What this task involves: Using the data that follows, output only the lines from the line with "Střih Burda 5947, návod" up to and including the line with "Mantovani And His", exactly, leaving pictures aside.

The data:
####################
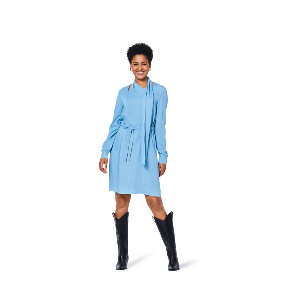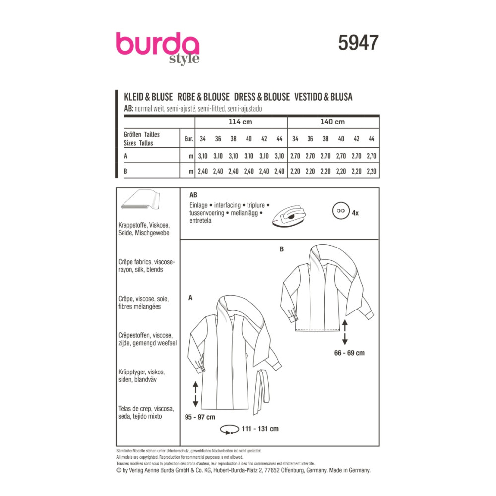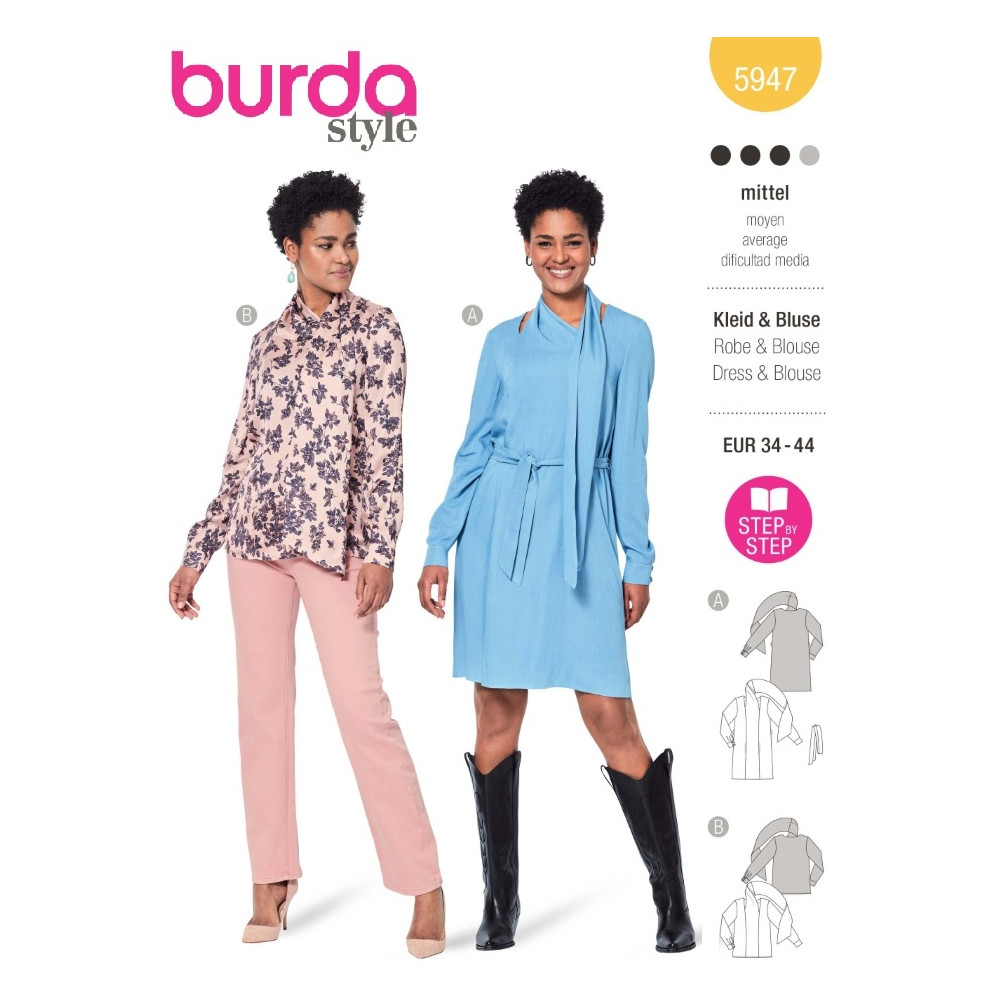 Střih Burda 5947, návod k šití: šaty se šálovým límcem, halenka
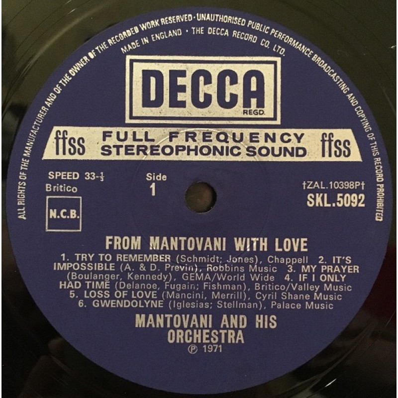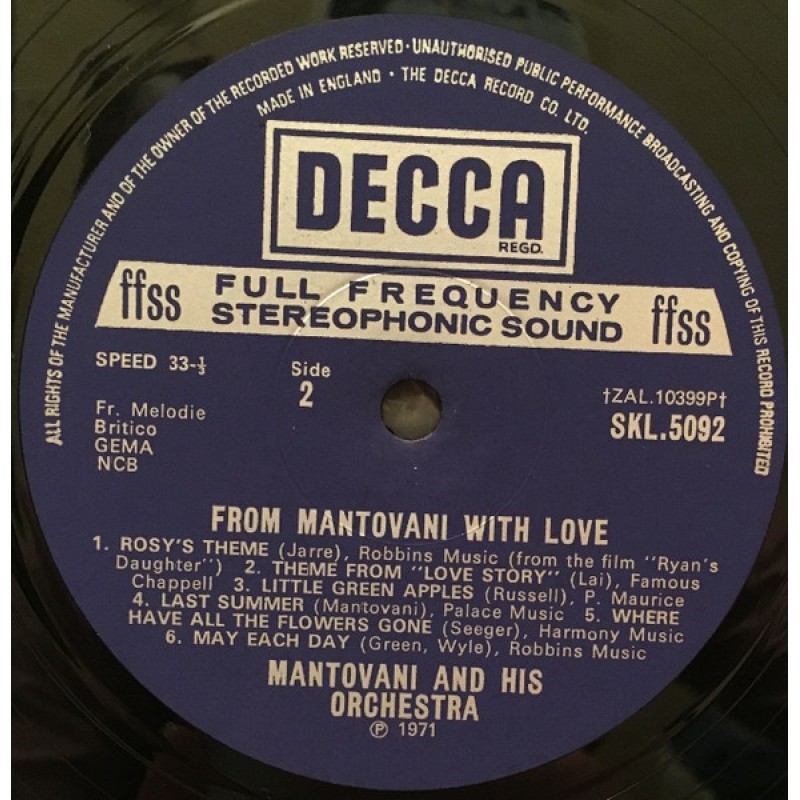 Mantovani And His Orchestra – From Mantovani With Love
####################
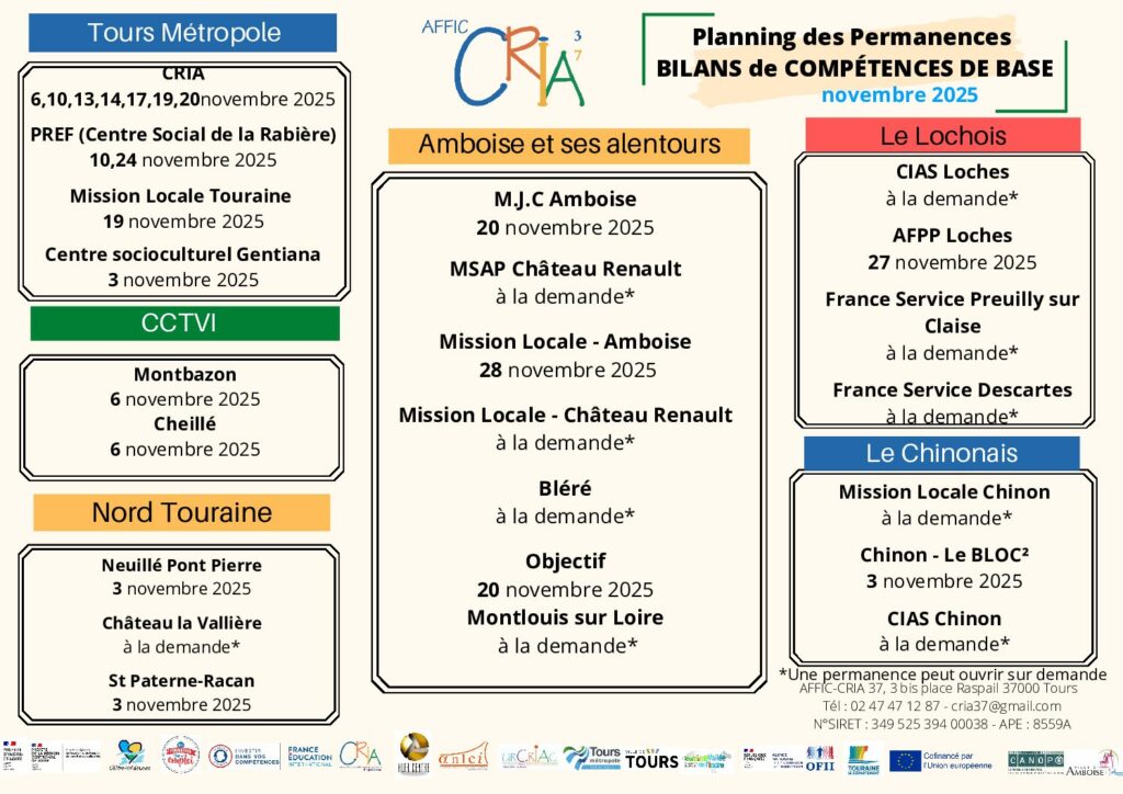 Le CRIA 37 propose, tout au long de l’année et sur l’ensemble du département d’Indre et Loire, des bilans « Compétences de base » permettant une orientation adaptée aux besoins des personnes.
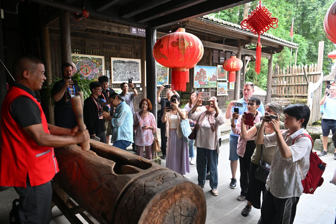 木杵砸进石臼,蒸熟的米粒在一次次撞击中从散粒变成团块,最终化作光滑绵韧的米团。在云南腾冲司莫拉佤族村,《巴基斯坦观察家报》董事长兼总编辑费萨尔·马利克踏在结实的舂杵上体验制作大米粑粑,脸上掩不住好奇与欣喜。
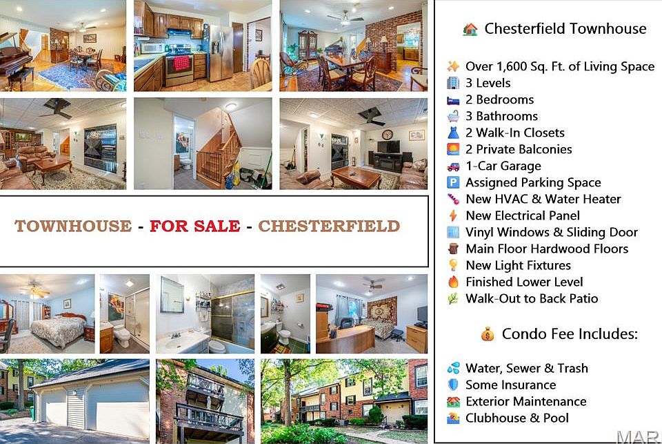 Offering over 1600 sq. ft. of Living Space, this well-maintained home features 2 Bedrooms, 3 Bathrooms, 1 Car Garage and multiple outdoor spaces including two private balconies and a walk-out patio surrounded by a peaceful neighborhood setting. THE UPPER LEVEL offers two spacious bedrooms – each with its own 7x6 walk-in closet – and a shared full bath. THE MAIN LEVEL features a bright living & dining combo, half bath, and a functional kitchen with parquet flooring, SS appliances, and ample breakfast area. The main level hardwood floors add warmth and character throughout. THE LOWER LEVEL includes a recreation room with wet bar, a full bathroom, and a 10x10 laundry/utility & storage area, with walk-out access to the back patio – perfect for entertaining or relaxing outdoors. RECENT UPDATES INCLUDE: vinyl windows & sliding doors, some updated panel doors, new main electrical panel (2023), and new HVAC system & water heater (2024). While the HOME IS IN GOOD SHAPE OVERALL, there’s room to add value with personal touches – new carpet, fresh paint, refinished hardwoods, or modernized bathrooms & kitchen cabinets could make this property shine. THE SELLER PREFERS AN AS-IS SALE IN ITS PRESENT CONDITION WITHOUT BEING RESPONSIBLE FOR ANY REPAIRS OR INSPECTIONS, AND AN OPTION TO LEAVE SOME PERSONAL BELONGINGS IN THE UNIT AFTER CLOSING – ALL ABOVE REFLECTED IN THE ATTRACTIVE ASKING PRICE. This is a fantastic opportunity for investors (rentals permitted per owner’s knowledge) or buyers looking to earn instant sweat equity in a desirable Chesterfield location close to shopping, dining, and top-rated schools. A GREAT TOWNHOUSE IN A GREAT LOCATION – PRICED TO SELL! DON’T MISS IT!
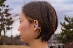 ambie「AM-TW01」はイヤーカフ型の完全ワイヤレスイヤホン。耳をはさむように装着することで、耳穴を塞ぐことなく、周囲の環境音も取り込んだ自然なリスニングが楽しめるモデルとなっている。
####################
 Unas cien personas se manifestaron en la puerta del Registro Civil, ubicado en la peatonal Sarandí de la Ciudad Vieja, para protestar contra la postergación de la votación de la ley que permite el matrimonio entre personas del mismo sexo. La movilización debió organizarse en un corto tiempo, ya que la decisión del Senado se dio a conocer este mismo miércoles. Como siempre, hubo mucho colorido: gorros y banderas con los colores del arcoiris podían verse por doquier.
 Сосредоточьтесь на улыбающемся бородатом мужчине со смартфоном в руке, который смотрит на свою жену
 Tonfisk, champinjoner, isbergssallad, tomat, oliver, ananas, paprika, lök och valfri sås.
####################
Solution for this problem:
 Střih Burda 5947, návod k šití: šaty se šálovým límcem, halenka
 Mantovani And His Orchestra – From Mantovani With Love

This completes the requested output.